Comparing the current multiyear highway program to its two immediate predecessors, the FY 2012-17 program and the FY 2013-18 program, the current program demonstrates the increasing importance of federal revenues as the Jump Start and Illinois Jobs Now! state capital programs come to their conclusion. While these capital programs provided some 20 percent of funding in the FY 2012-17 program, they make up only six percent of the current FY 2014-19 program.
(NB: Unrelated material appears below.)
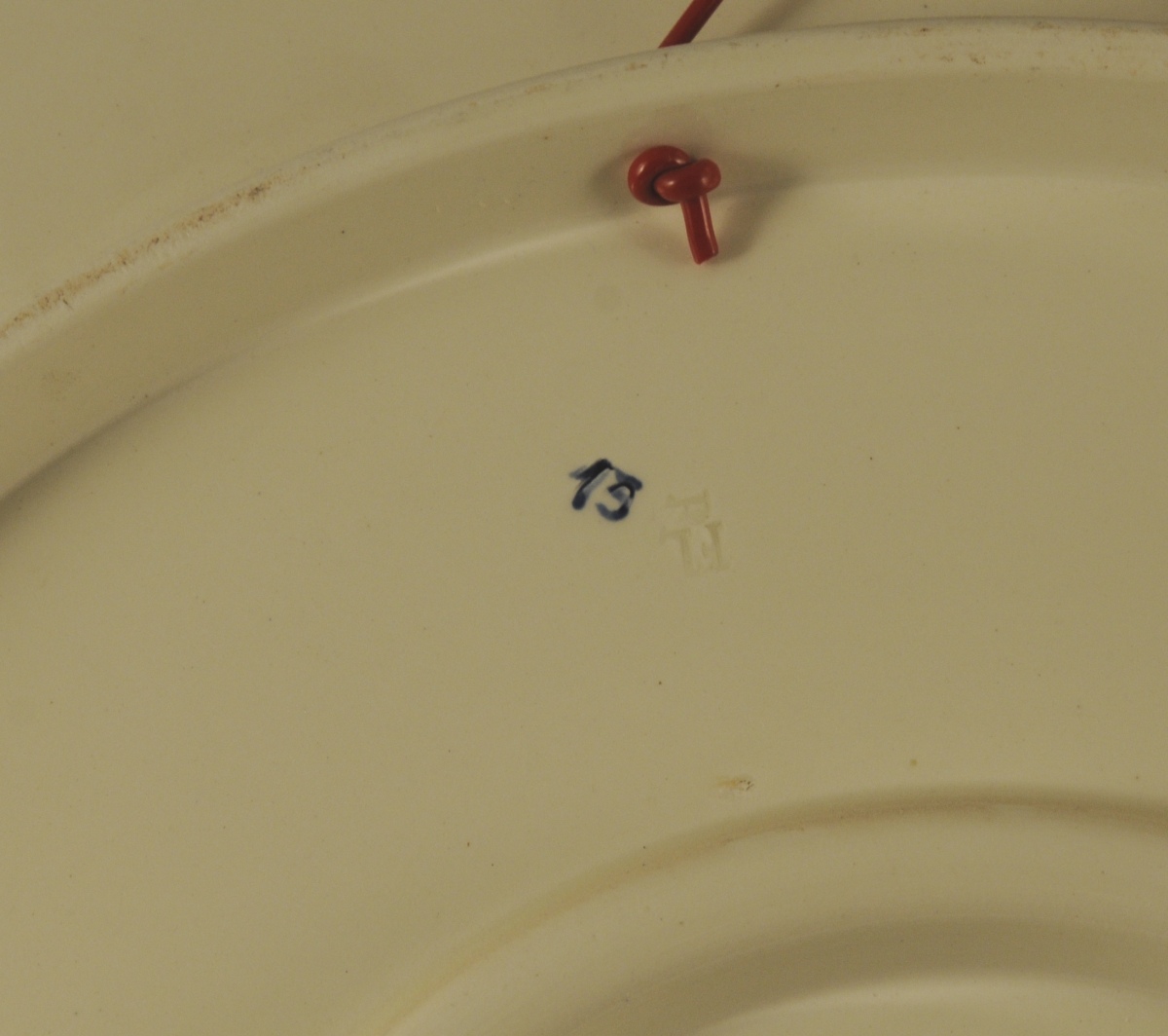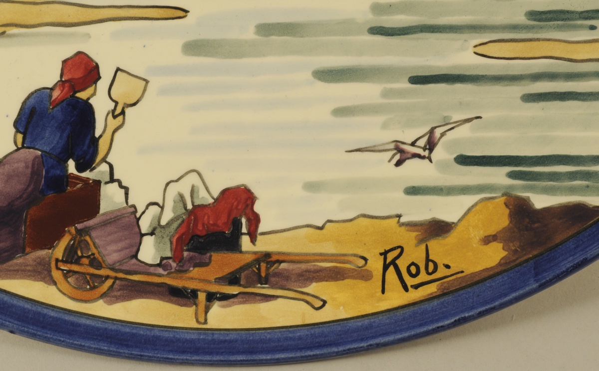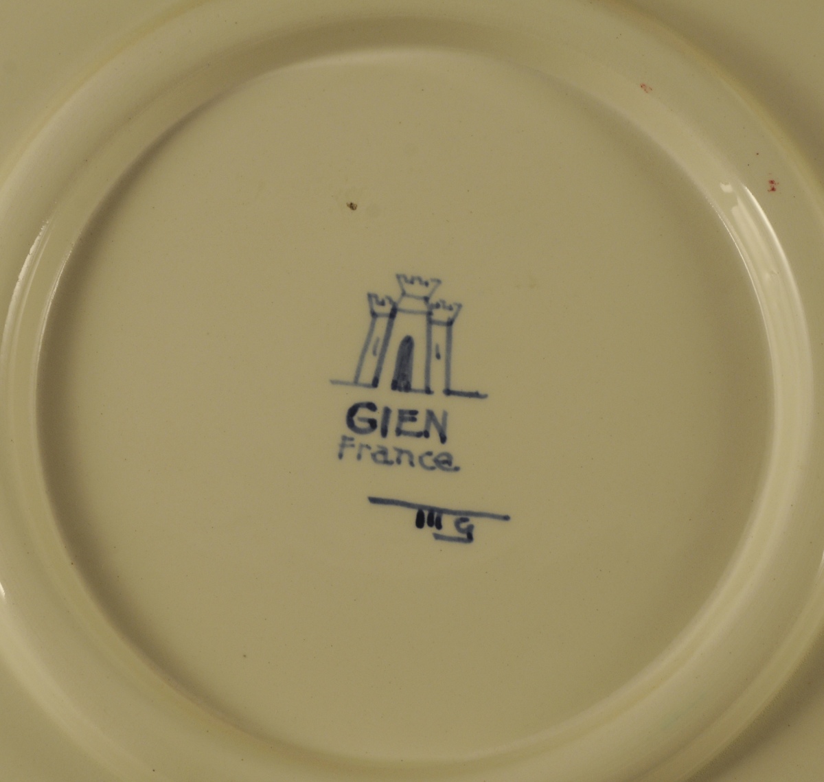 GIEN. GRAND PLAT rond en faïence à décor polychrome d'une vue de Gien et de son ancien pont surmontée des armes de la ville et d'un philactère portant l'inscription "GIEN / 1939". Signé "ROB" dans le décor. Marque à la main de Gien au château pour la période 1941-1950 et marque en creux.

Correspondingly, the federal share of the multiyear highway program has grown from 62 percent in the FY 2012-17 program to 71 percent in the FY 2013-18 program and now 76 percent in the FY 2014-19 program.

The FY 2014-19 program narrative does not provide a great deal of detail on its project evaluation and selection process, although it includes a more thorough description than previous multiyear highway programs. For example, the program includes a description of the Condition Rating Survey process for evaluating pavement conditions. However, the narrative does not specifically describe how IDOT's various goals are weighted or how IDOT makes tradeoffs among competing goals. CMAP has called for a performance-based approach to project selection that explicitly links performance data to funding decisions.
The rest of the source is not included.